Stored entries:
========
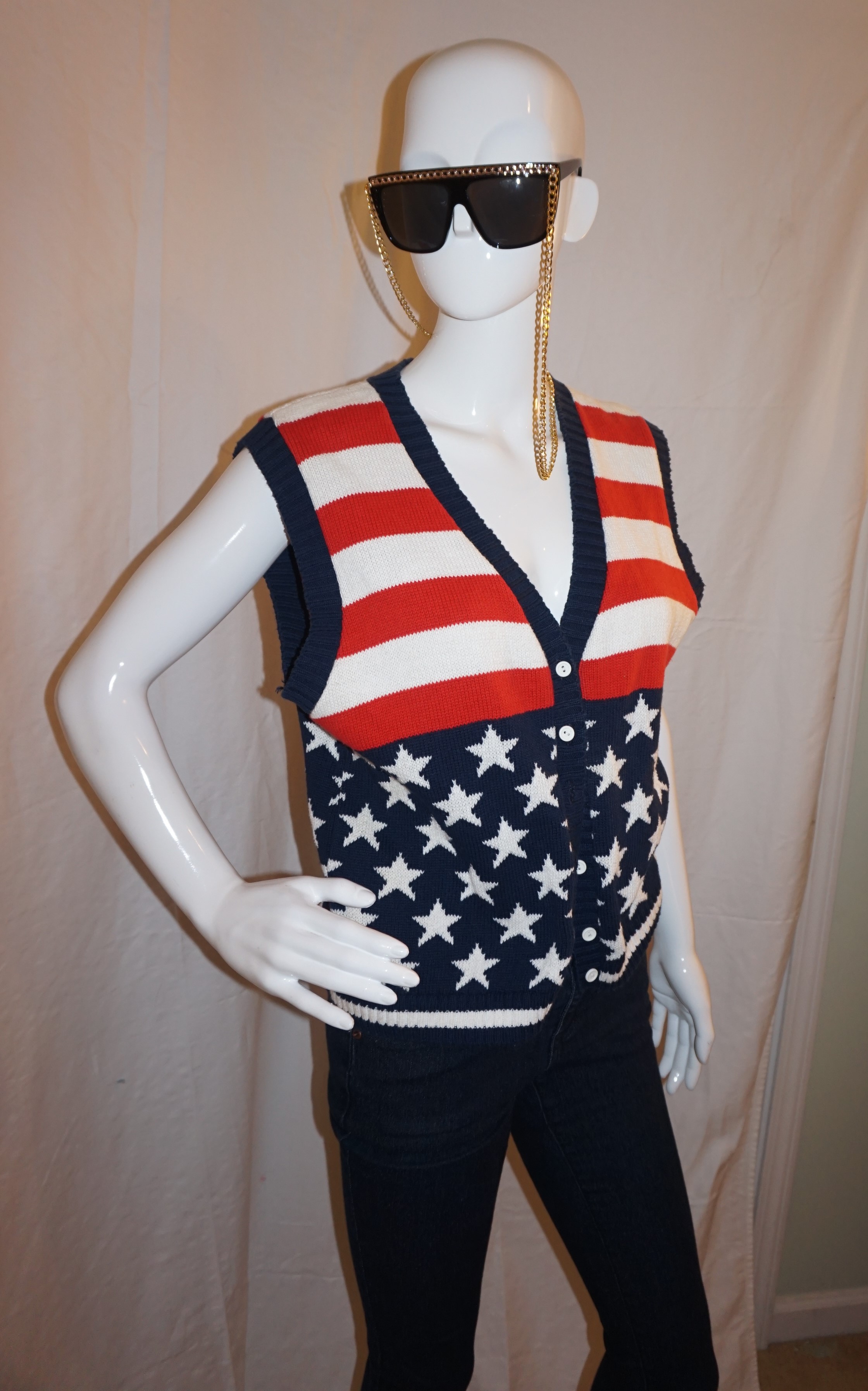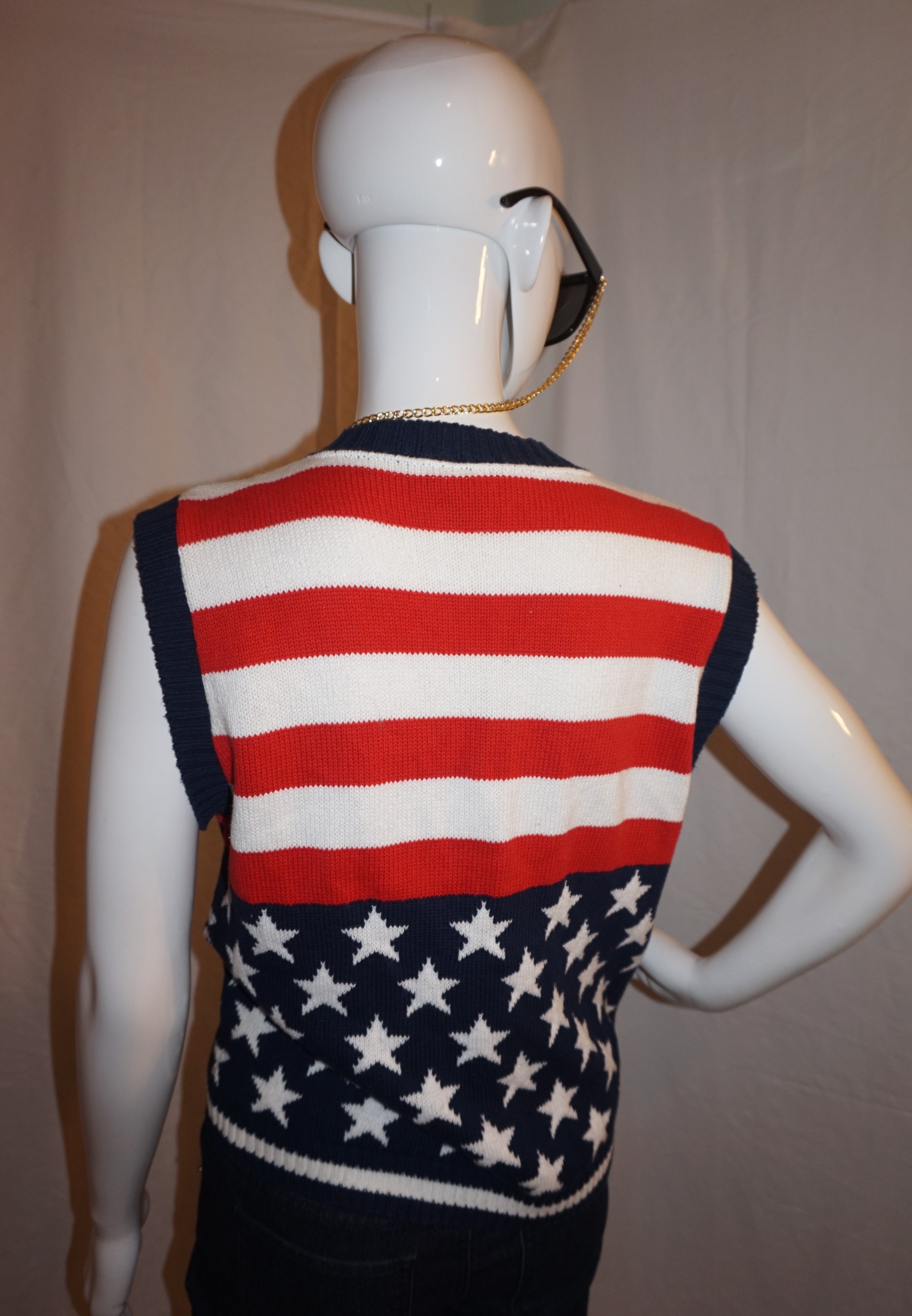 Up for sale is this Vintage Flag Vest. The material is cotton with measurements of 19" pit to pit, with overall length 21".
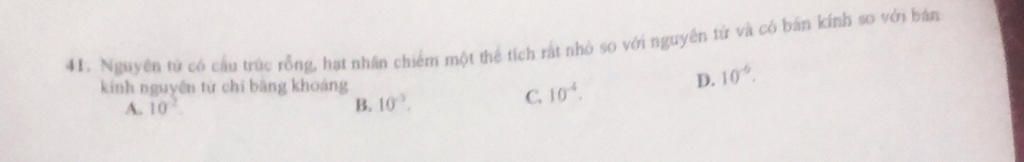 `<=>{r_{\text{hạt nhân}}}/{r_{\text{nguyên tử}}}=10^{-4}`
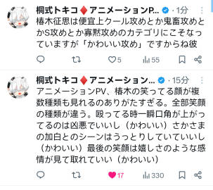 椿木征思虽然为了方便被归类为冷酷攻、鬼畜攻、S攻、寡言攻这些类别,但他其实是“可爱攻”呢。动画PV里能看到好几种椿木的笑脸真是太棒了。每种笑容都不一样。打人的时候嘴角微微上扬的样子既凶狠又很棒(可爱);和倒过来的加白在一起的场景显得很陶醉也很棒(可爱);最后的笑容能看出喜悦之类的 ...全文
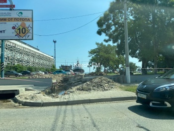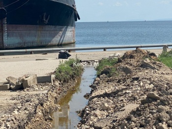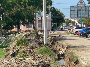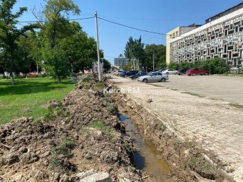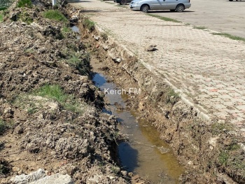 Новая ливневка пройдет по траншее, которая была прорыта в минувший понедельник между зеленой зоной и парковкой для ускорения стока воды с подтопленного участка улицы Кирова в районе судоремонтного завода.
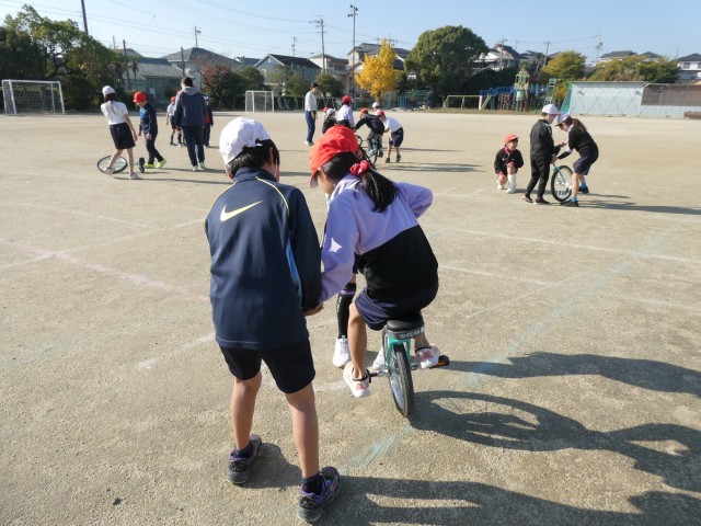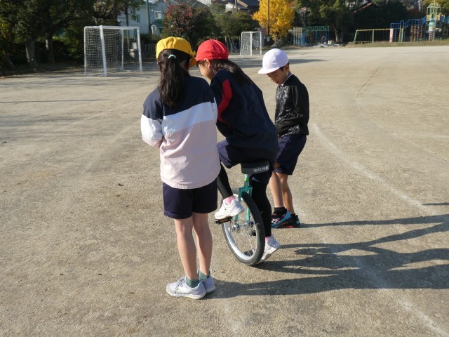 爽やかな秋晴れの下、体育の授業では「一輪車」の練習に取り組んでいました。
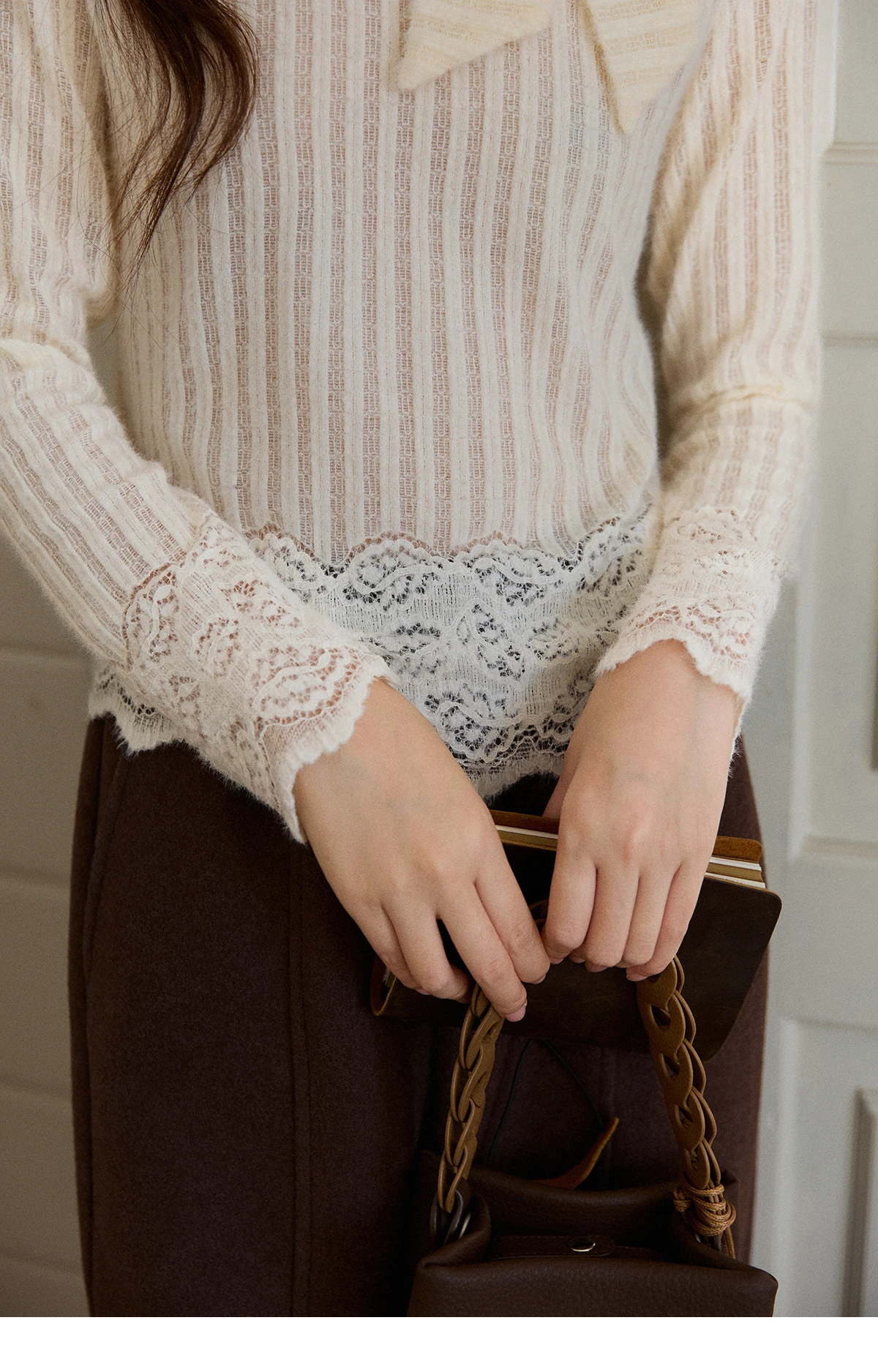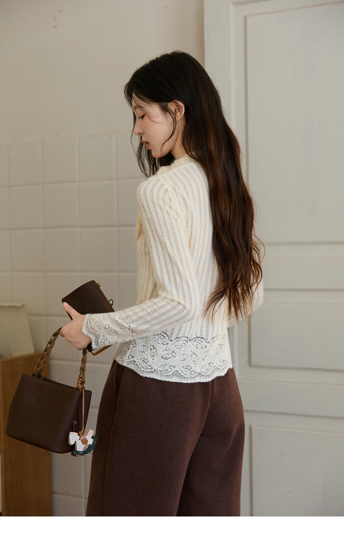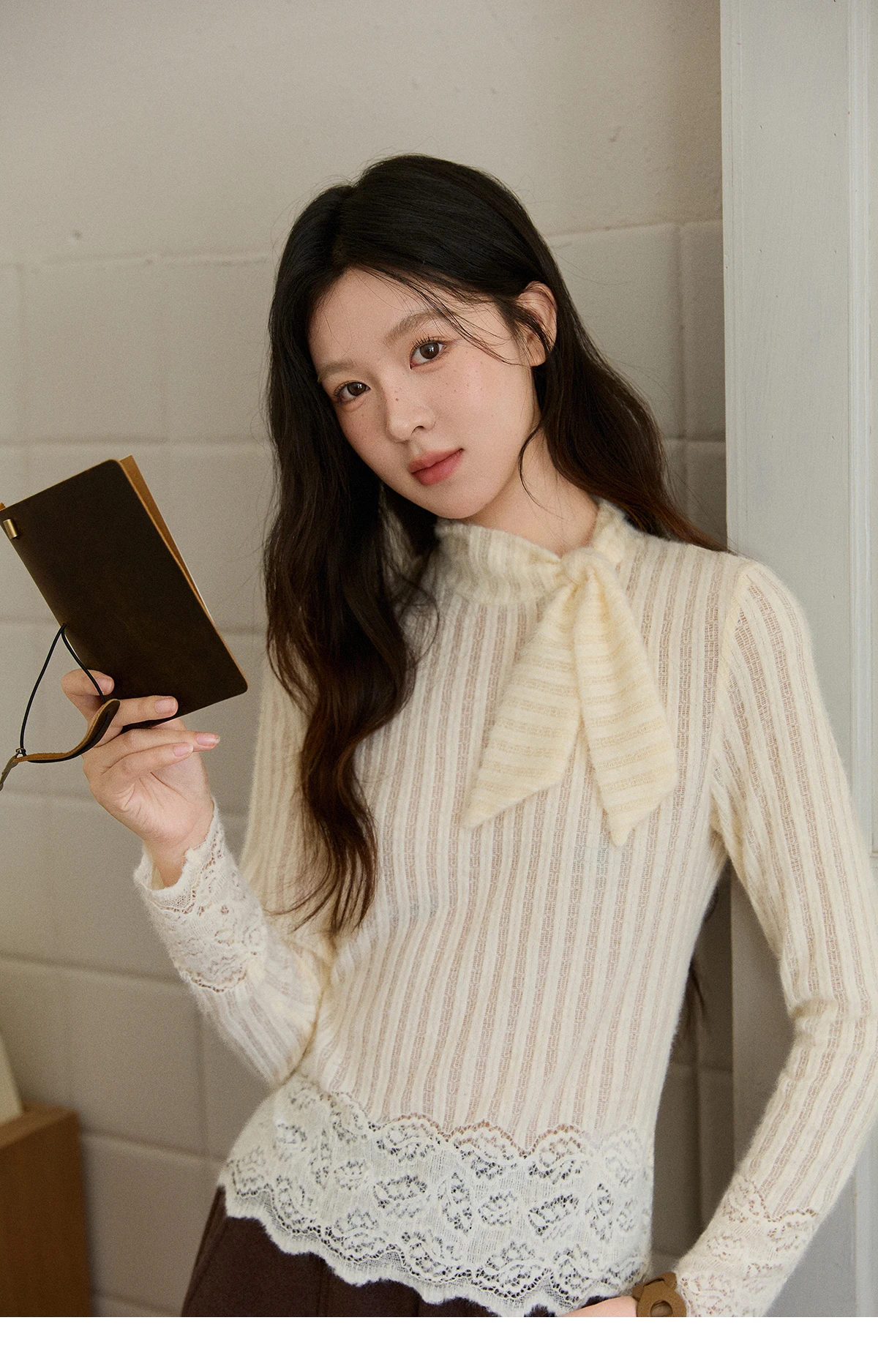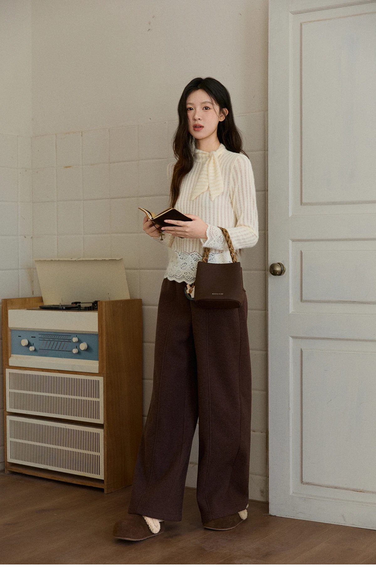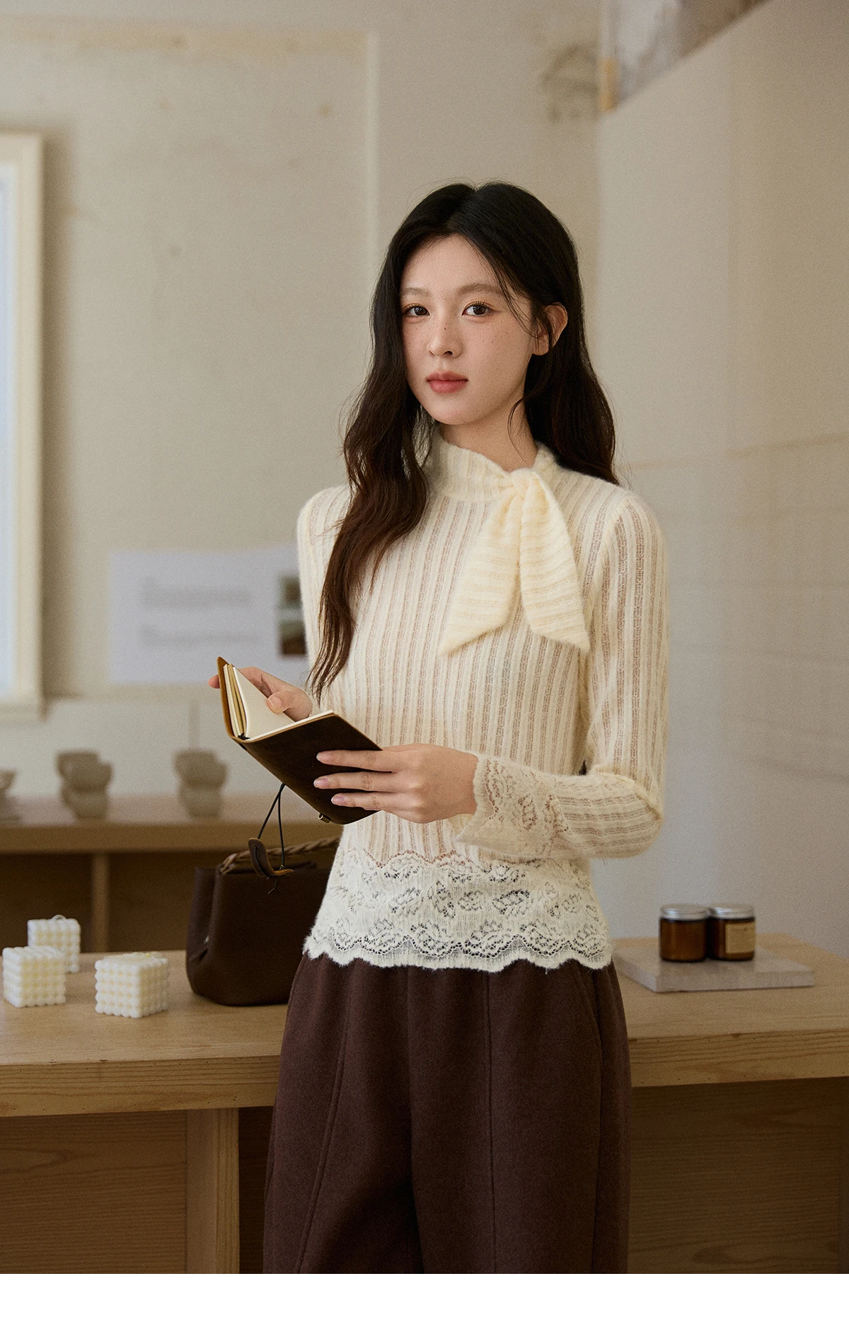 MISHOW French Lace-up Bottom Tops Women Autumn Winter 2025 Korean Vertical Stripe Knitted Top Thickened Interior Tops MXE92Z2797
========
### Task goal
Write the lines from the one containing "爽やかな秋晴れの下、体育の授業では「一輪車」の練習に取り組んでいました。" through the end of the data above exactly as they appear, and do not carry over any picture.

### Response to this task
 爽やかな秋晴れの下、体育の授業では「一輪車」の練習に取り組んでいました。
 MISHOW French Lace-up Bottom Tops Women Autumn Winter 2025 Korean Vertical Stripe Knitted Top Thickened Interior Tops MXE92Z2797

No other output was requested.